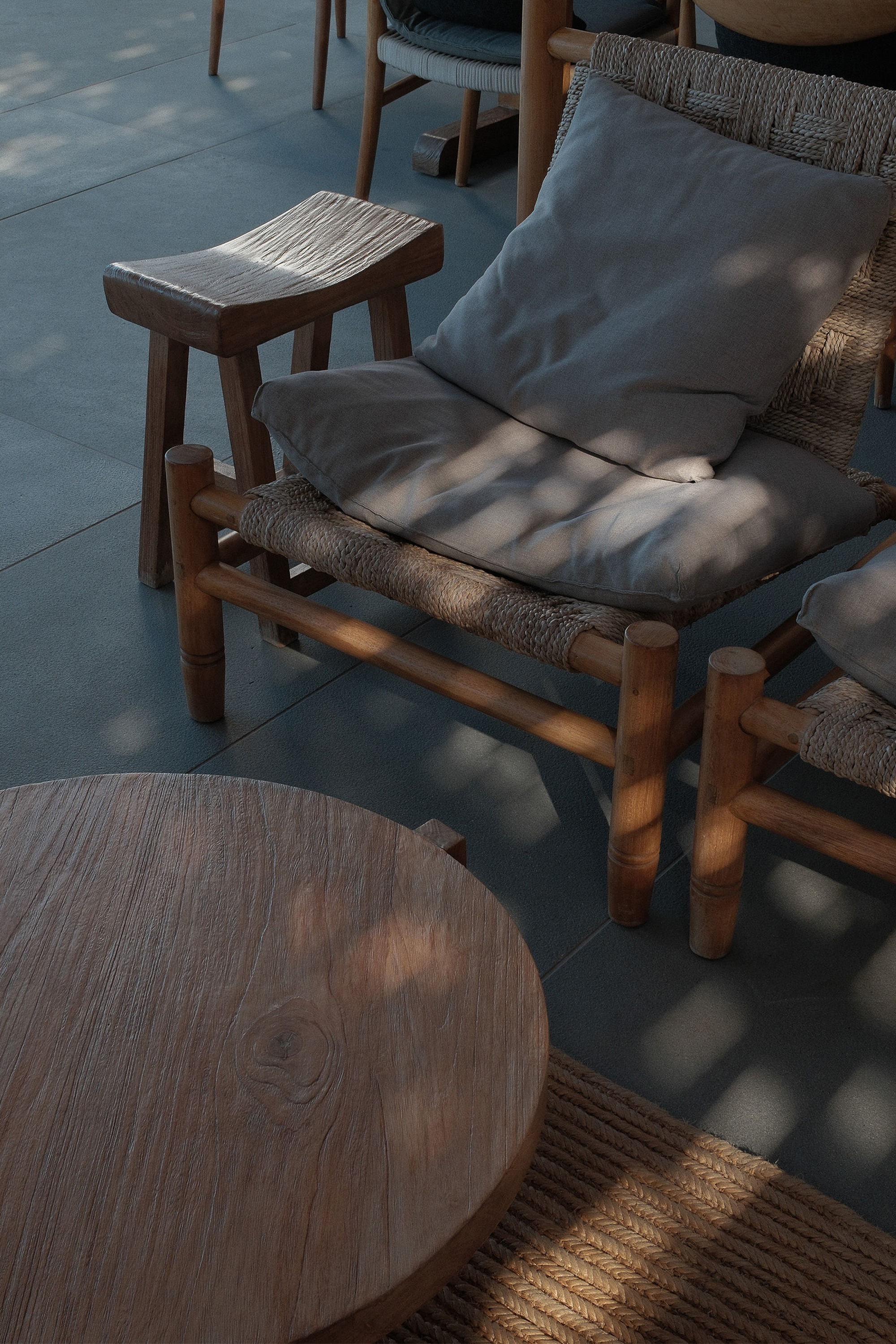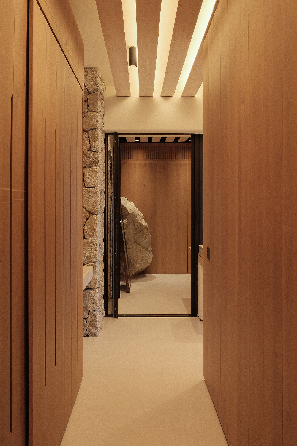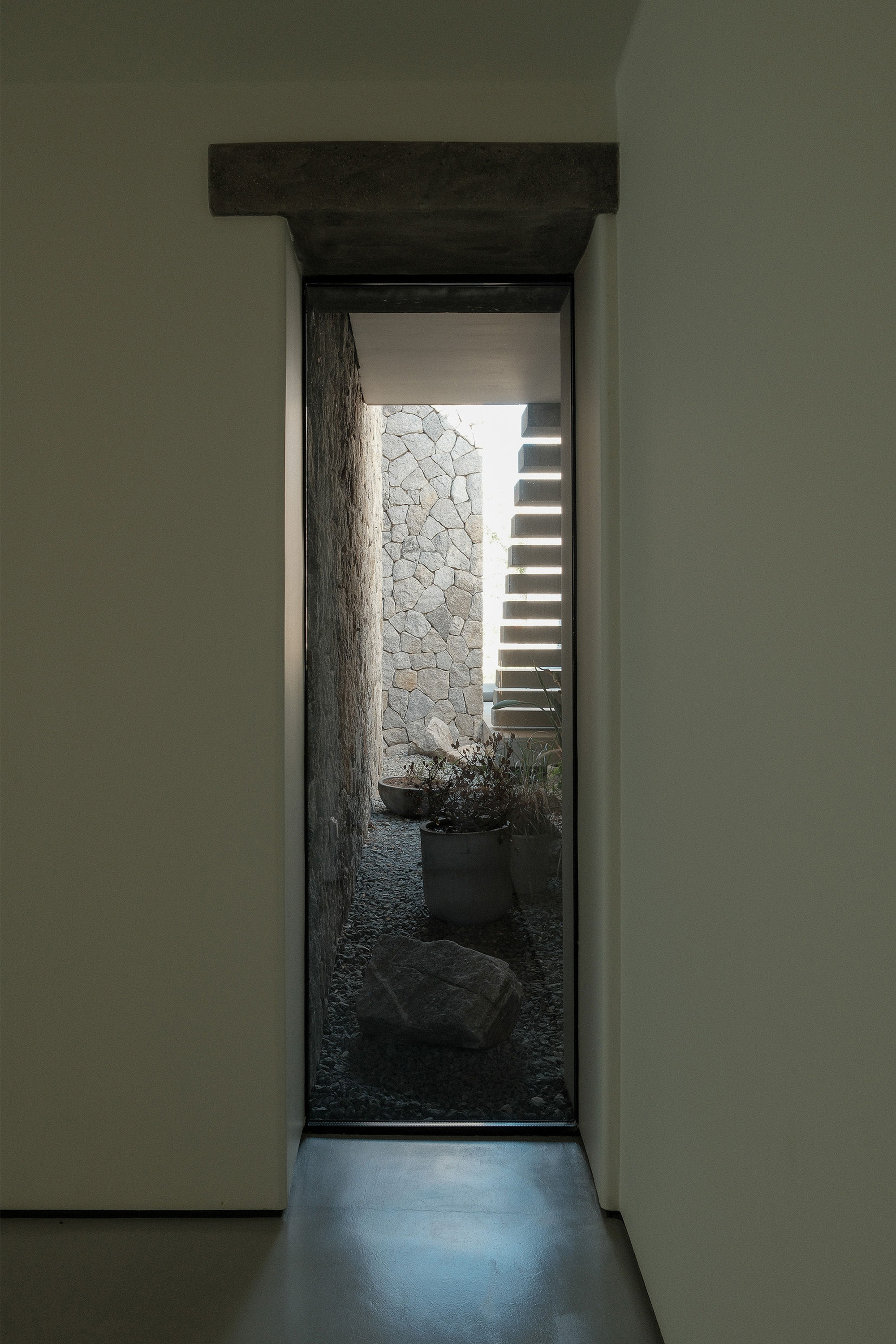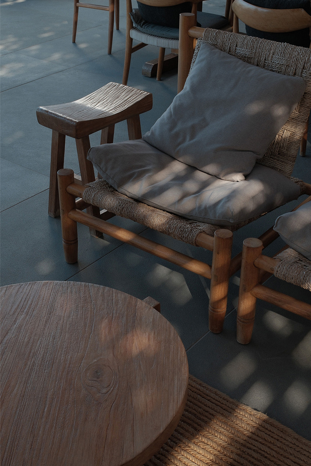 The choice of materials is simple and natural, yet with a rough and delicate touch - the warm touch of Cretan olive wood forms a tactile texture contrast with the rough texture of volcanic rock. The hand-plastered walls capture the changes of light at different times of the day, sometimes presenting the luster of mother-of-pearl and sometimes transforming into the texture of parchment. K-STUDIO's obsession with the "sense of incompleteness" reaches its peak here - those preserved stone joints and woodwork that retain tool marks all speak of the dignity of "handcrafting".
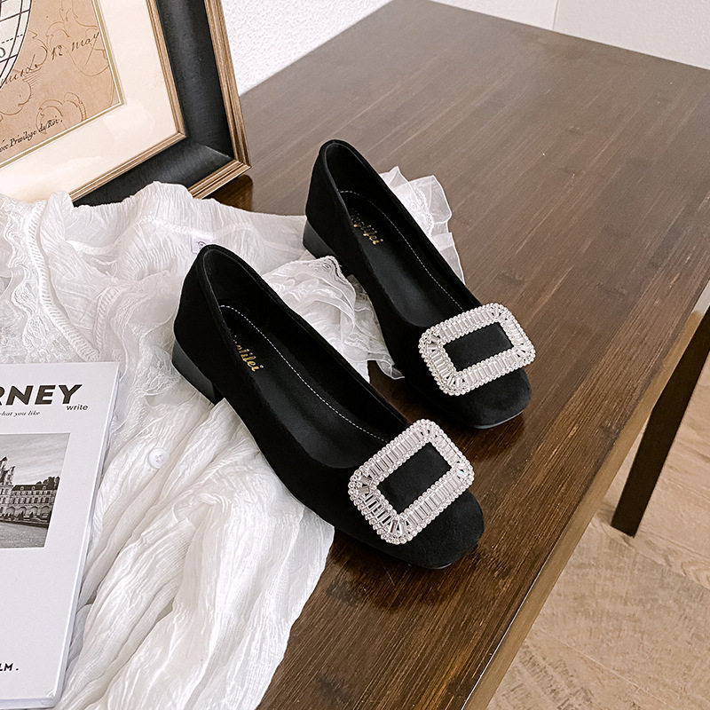 2025春款新款软羊皮女鞋方扣水钻单鞋女中跟粗跟妈妈鞋绒面乐福鞋
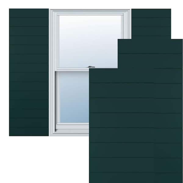 12 in. x 72 in. True Fit PVC Horizontal Slat Modern Style Fixed Mount Board and Batten Shutters Pair in Thermal Green
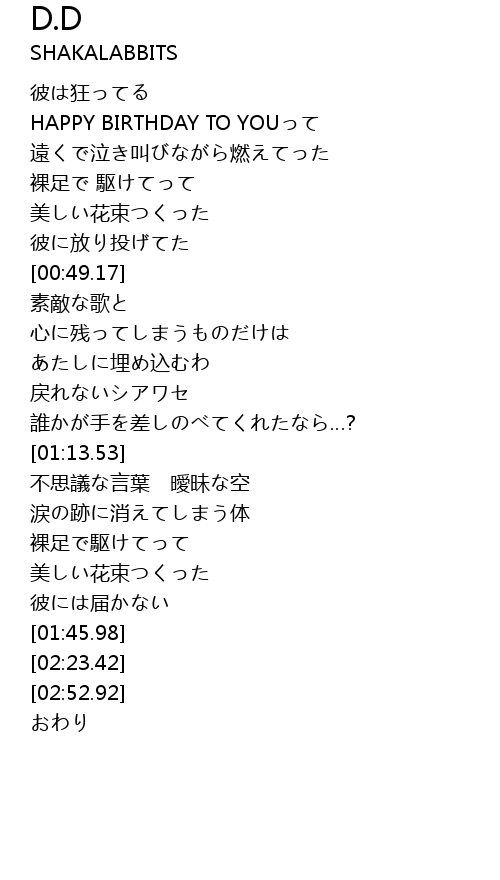 | [00:35.31] | HAPPY BIRTHDAY TO YOUって |
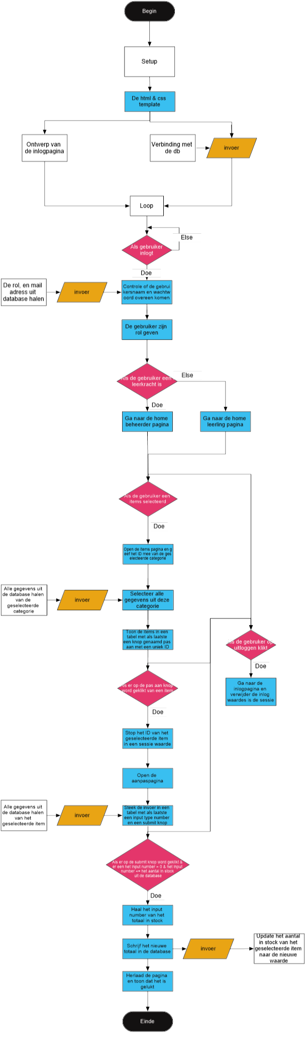In de flowchart zien we hoe de stappen van de code overlopen worden
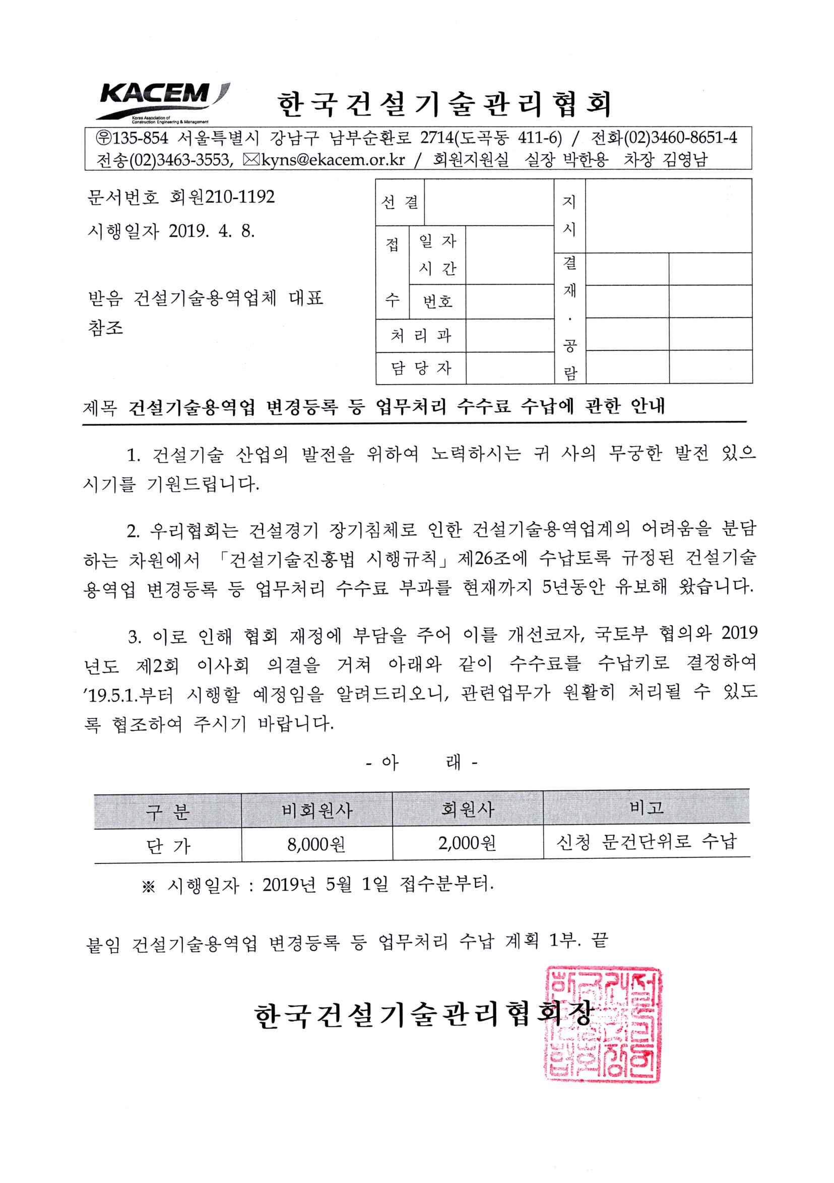 Çѱ¹°Ç¼³¿£Áö´Ï¾î¸µÇùȸ¿¡¼ ¾Ë·Áµå¸³´Ï´Ù.| °Ç¼³±â¼ú¿ë¿ª¾÷ º¯°æµî·Ï µî ¾÷¹«Ã³¸® ¼ö¼ö·á ¼ö³³¿¡ °üÇÑ ¾È³» |
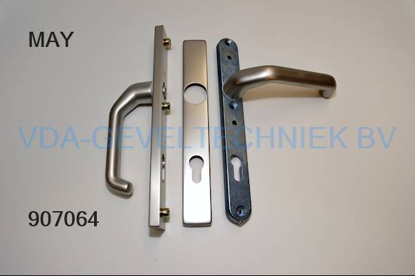 Deurkruk langschild BI/BU op rechtschild pc 92 incl. stift 130mm en schroeven MAY (greep) (klink) (hendel) (uitlopend artikel)
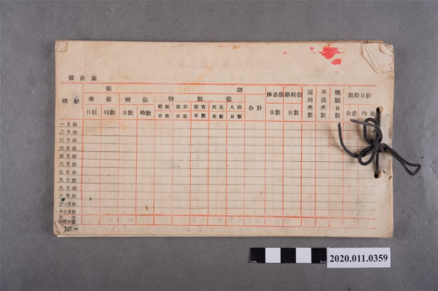 本件為臺南縣立新化初級中學職員差假勤惰記錄卡,由臺南新化柯瑞吉家族捐贈,為捐贈人之父親柯天送先生(1900-1973)於1947至1965年間任職於新化初中時所留下之物件。登錄年度為中華民國41年(1952),登載校長闕鎬曾以及柯天送、廖鑑文、蘇增華、高慰中、李炳南、李華中、胡波平、魏思孝、王家成、辛中正、姜錫齡、白質瑩、蔡萬枝、馮淑明、林寶長、郭英玉、洪進財、楊葉、林芳松、譚英蘊、朱德培、林寶書、丁鏡清、郭元義等教職員、工友等差勤資料。
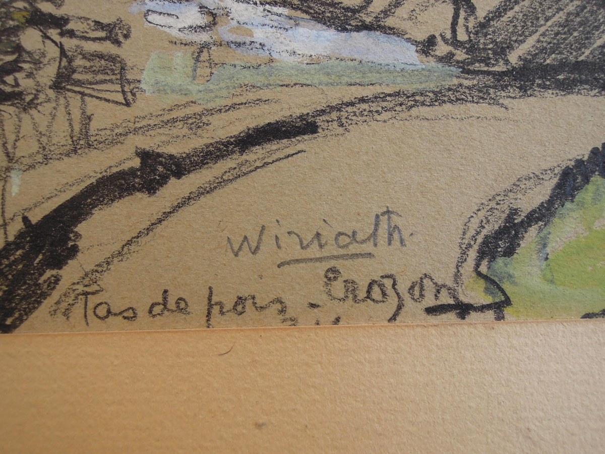 Renée WIRIATH (XXème)"Tas de Poix-Crozon".Crayon, gouache et rehaut de blanc....

- [What to produce]: Without any picture, return exactly the lines of the records above from the first through the line that contains "In de flowchart".

- [Result]:
 The choice of materials is simple and natural, yet with a rough and delicate touch - the warm touch of Cretan olive wood forms a tactile texture contrast with the rough texture of volcanic rock. The hand-plastered walls capture the changes of light at different times of the day, sometimes presenting the luster of mother-of-pearl and sometimes transforming into the texture of parchment. K-STUDIO's obsession with the "sense of incompleteness" reaches its peak here - those preserved stone joints and woodwork that retain tool marks all speak of the dignity of "handcrafting".
 2025春款新款软羊皮女鞋方扣水钻单鞋女中跟粗跟妈妈鞋绒面乐福鞋
 12 in. x 72 in. True Fit PVC Horizontal Slat Modern Style Fixed Mount Board and Batten Shutters Pair in Thermal Green
 | [00:35.31] | HAPPY BIRTHDAY TO YOUって |
In de flowchart zien we hoe de stappen van de code overlopen worden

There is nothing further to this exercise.